# Exercise directions:
Ignoring the pictures, repeat every entry below exactly as it appears.

# Input material:
▼▼▼

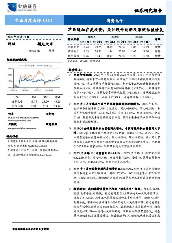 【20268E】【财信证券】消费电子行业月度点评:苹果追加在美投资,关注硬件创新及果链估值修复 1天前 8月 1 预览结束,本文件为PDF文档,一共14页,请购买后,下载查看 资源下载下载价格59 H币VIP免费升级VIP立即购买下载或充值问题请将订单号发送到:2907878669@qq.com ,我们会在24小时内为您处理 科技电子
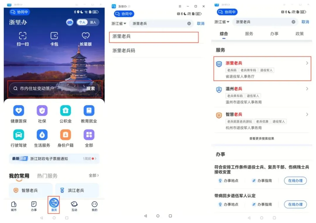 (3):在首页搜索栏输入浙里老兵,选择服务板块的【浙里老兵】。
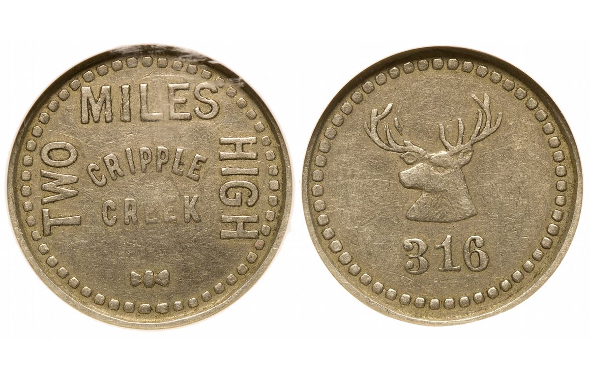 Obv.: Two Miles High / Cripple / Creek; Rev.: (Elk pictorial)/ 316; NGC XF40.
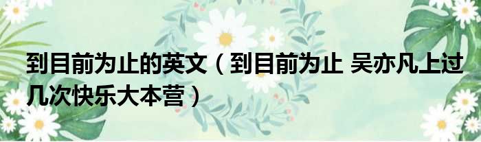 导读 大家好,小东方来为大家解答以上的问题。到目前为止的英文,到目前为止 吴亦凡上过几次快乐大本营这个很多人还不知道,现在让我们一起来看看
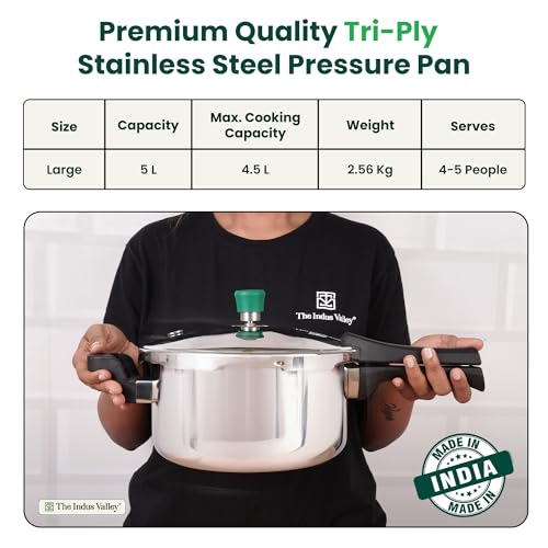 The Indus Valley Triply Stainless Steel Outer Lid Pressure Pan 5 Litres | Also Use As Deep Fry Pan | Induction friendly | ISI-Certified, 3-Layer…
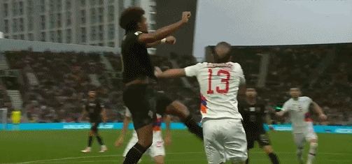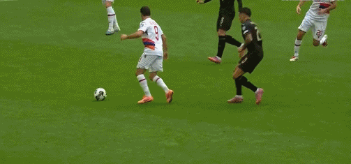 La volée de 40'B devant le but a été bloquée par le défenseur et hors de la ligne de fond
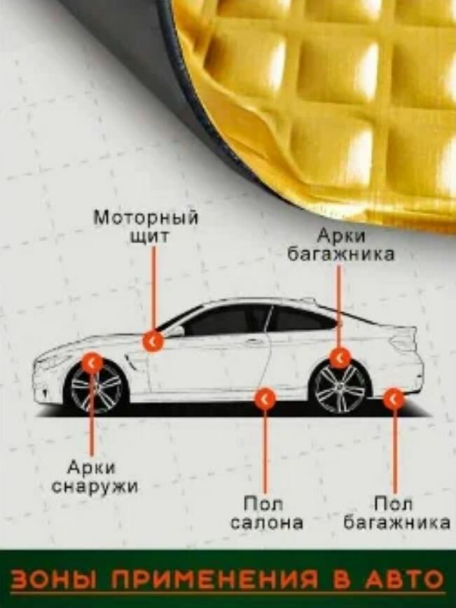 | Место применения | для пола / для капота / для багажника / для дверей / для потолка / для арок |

▲▲▲

# Written reply:
 【20268E】【财信证券】消费电子行业月度点评:苹果追加在美投资,关注硬件创新及果链估值修复 1天前 8月 1 预览结束,本文件为PDF文档,一共14页,请购买后,下载查看 资源下载下载价格59 H币VIP免费升级VIP立即购买下载或充值问题请将订单号发送到:2907878669@qq.com ,我们会在24小时内为您处理 科技电子
 (3):在首页搜索栏输入浙里老兵,选择服务板块的【浙里老兵】。
 Obv.: Two Miles High / Cripple / Creek; Rev.: (Elk pictorial)/ 316; NGC XF40.
 导读 大家好,小东方来为大家解答以上的问题。到目前为止的英文,到目前为止 吴亦凡上过几次快乐大本营这个很多人还不知道,现在让我们一起来看看
 The Indus Valley Triply Stainless Steel Outer Lid Pressure Pan 5 Litres | Also Use As Deep Fry Pan | Induction friendly | ISI-Certified, 3-Layer…
 La volée de 40'B devant le but a été bloquée par le défenseur et hors de la ligne de fond
 | Место применения | для пола / для капота / для багажника / для дверей / для потолка / для арок |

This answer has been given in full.